My thinking was that it's some county + tract combination that the function doesn't like, so perhaps I could split my data into small groups (say of n=10) and try passing each through to the function iteratively, saving any successful output into a csv. I can then store and revisit the groups that failed, split them into increasingly small sizes until, hopefully, at least some of the names get predictions. I attempted this but am getting exactly the same error and the loop breaks.

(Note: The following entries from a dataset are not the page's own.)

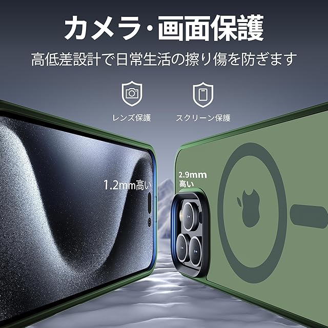 いくら気をつけていても落とす時がある!でも大丈夫!2Mの高さから26回以上落としても本体は綺麗に無傷!背面「カメラエアバッグ」耐衝撃技術も備えています。耐震性の高いTPUバンパーと頑丈なPC背面と組み合わせた二重構造で、非常に高い耐衝撃性を誇り、アイフォン16 Pro Max を全方位からしっかりと守ります。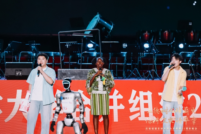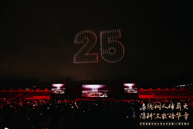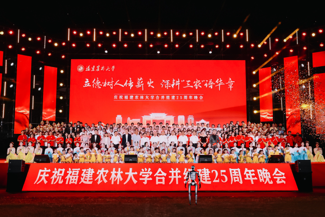 晚会尾声,从2000级到2025级各年级的25位校友代表与全体演职人员一同登台,齐声高唱beat365中文官方网站校歌。熟悉的旋律激荡在每一位福农人的心中,将晚会气氛推向情感的高潮,也圆满落下帷幕。这场晚会,既是对辉煌过往的深情回眸,更是向崭新未来吹响的奋进号角。全体beat365中文官方网站师生将带着这份荣耀与感动,牢记习近平总书记殷殷嘱托,继续深耕“三农”,发挥特色优势,培养更多高素质农林人才,把更多好技术送到田间地头,为推进乡村振兴、建设农业强国作出更大贡献。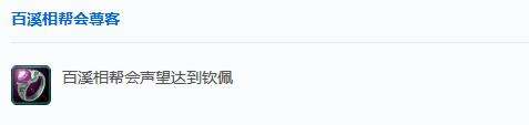 4、当玩家的百溪相帮会声望达到钦佩可获得【百溪相帮会尊客】。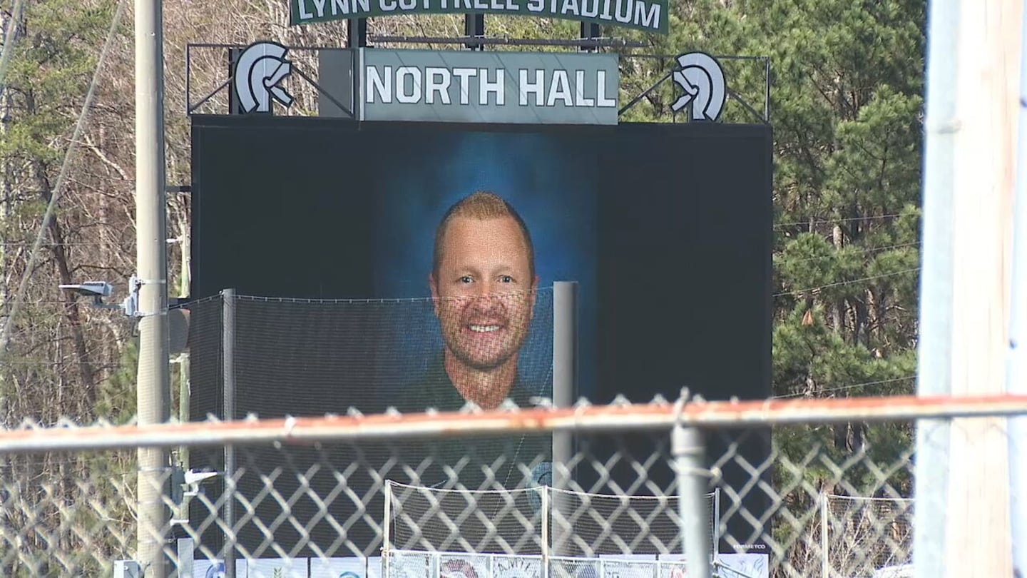 On the North Hall High School football field Monday, it was quiet and it was solemn as the picture of teacher and coach Jason Hughes was posted on the Jumbotron.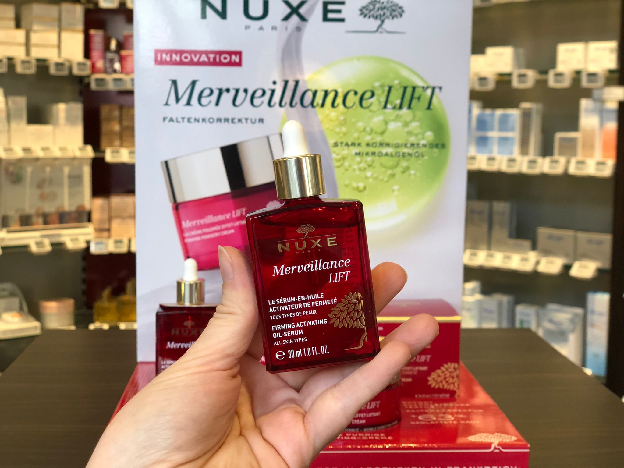 Nuxe setzt mit der Anti-Aging-Pflege Merveillance Lift auf die Zielgruppe der 35- bis 50-Jährigen. Die Nachfrage dieser Altersgruppe sei vorhanden, so Heurich. Die neuen Produkte enthalten Mikroalgenöl aus Chlorella vulgaris, das ausgeprägte Falten auffüllen und die Haut straffen soll. Die zuvor gleichnamige Serie wurde von den Newcomern abgelöst. Die Apotheken können zwei Tagescremes, eine Nachtpflege sowie ein Serum und eine Augenpflege beziehen.

See below for data for reprex

df <- tibble::tribble(
  ~surname, ~state, ~county, ~tract, ~party_code,
  "ALEXANDER",   "OR",     71L, 30101L,       "NAV",
  "AQUIPEL",   "OR",     71L, 30101L,       "NAV",
  "BABBITT",   "OR",     71L, 30101L,       "NAV",
  "BACKUS",   "OR",     71L, 30101L,       "DEM",
  "BACKUS",   "OR",     71L, 30101L,       "DEM",
  "BARKER",   "OR",     71L, 30101L,       "DEM",
  "BARTMAN",   "OR",     71L, 30303L,       "REP",
  "BARTMAN",   "OR",     71L, 30303L,       "REP",
  "BASS",   "OR",     71L, 30101L,       "DEM",
  "BATTERMAN",   "OR",     71L, 30303L,       "NAV",
  "BATTERMAN",   "OR",     71L, 30303L,       "NAV",
  "BEARDEN",   "OR",     71L, 30101L,       "NAV",
  "BELANDER",   "OR",     71L, 30101L,       "NAV",
  "BELL",   "OR",     71L, 30303L,       "NAV",
  "BEM",   "OR",     71L, 30101L,       "NAV",
  "BENNETT",   "OR",     71L, 30102L,       "NAV",
  "BERG",   "OR",     71L, 30101L,       "NAV",
  "BERGER",   "OR",     71L, 30303L,       "NAV",
  "BESEAU",   "OR",     71L, 30303L,       "NAV",
  "BIERER",   "OR",     71L, 30101L,       "IND",
  "BILLETTE",   "OR",     71L, 30303L,       "IND",
  "BISCHOFF",   "OR",     71L, 30101L,       "NAV",
  "BLATT",   "OR",     71L, 30101L,       "NAV",
  "BOCHART",   "OR",     71L, 30101L,       "NAV",
  "BOWLIN",   "OR",     71L, 30202L,       "NAV",
  "BURGESS",   "OR",     71L, 30303L,       "NAV",
  "BURNETT",   "OR",     71L, 30101L,       "NAV",
  "BURNETT",   "OR",     71L, 30101L,       "NAV",
  "BYE ODEA",   "OR",     71L, 30101L,       "NAV",
  "BYINGTON",   "OR",     71L, 30101L,       "NAV",
  "CARSLEY",   "OR",     71L, 30102L,       "NAV",
  "CARTWRIGHT",   "OR",     71L, 30101L,       "NAV",
  "CATES",   "OR",     71L, 30101L,       "NAV",
  "CHANDLER",   "OR",     71L, 30101L,       "NAV",
  "CHESHIER",   "OR",     71L, 30102L,       "NAV",
  "CISNEROS",   "OR",     71L, 30303L,       "NAV",
  "COE",   "OR",     71L, 30101L,       "NAV",
  "CORREA",   "OR",     71L, 30303L,       "NAV",
  "COSHOW",   "OR",     71L, 30101L,       "NAV",
  "COURTNEY",   "OR",     71L, 30101L,       "NAV",
  "CROFT",   "OR",     71L, 30101L,       "NAV",
  "CROSSLAND",   "OR",     71L, 30101L,       "NAV",
  "CRUZ",   "OR",     71L, 30102L,       "NAV",
  "CULLENS",   "OR",     71L, 30101L,       "NAV",
  "CURRIER",   "OR",     71L, 30101L,       "NAV",
  "DAHME",   "OR",     71L, 30303L,       "DEM",
  "DAHME",   "OR",     71L, 30303L,       "DEM",
  "DAVIS",   "OR",     71L, 30303L,       "NAV",
  "DAVIS",   "OR",     71L, 30101L,       "NAV",
  "DEHART",   "OR",     71L, 30303L,       "NAV",
  "DENMAN",   "OR",     71L, 30101L,       "NAV",
  "DENNIS",   "OR",     71L, 30101L,       "NAV",
  "DILLESHAW",   "OR",     71L, 30101L,       "NAV",
  "DOOTSON",   "OR",     71L, 30101L,       "NAV",
  "EIDE",   "OR",     71L, 30101L,       "NAV",
  "EILERS",   "OR",     71L, 30101L,       "NAV",
  "EKREN",   "OR",     71L, 30101L,       "DEM",
  "ELLIS",   "OR",     71L, 30101L,       "NAV",
  "ERICKSON",   "OR",     71L, 30101L,       "NAV",
  "ESKELSEN",   "OR",     71L, 30101L,       "NAV",
  "EVANS",   "OR",     71L, 30303L,       "NAV",
  "FETTIG",   "OR",     71L, 30102L,       "NAV",
  "FINDLEY",   "OR",     71L, 30102L,       "NAV",
  "FLANAGAN",   "OR",     71L, 30101L,       "DEM",
  "FRAYCHINEAUD",   "OR",     71L, 30102L,       "NAV",
  "FREY",   "OR",     71L, 30101L,       "NAV"
)

Solution

  • So it turns out if I change the line census.geo = "tract" to census.geo = "county" the code runs fine! Not a direct answer, as the package claims that I can get predictions at the tract level, but good enough!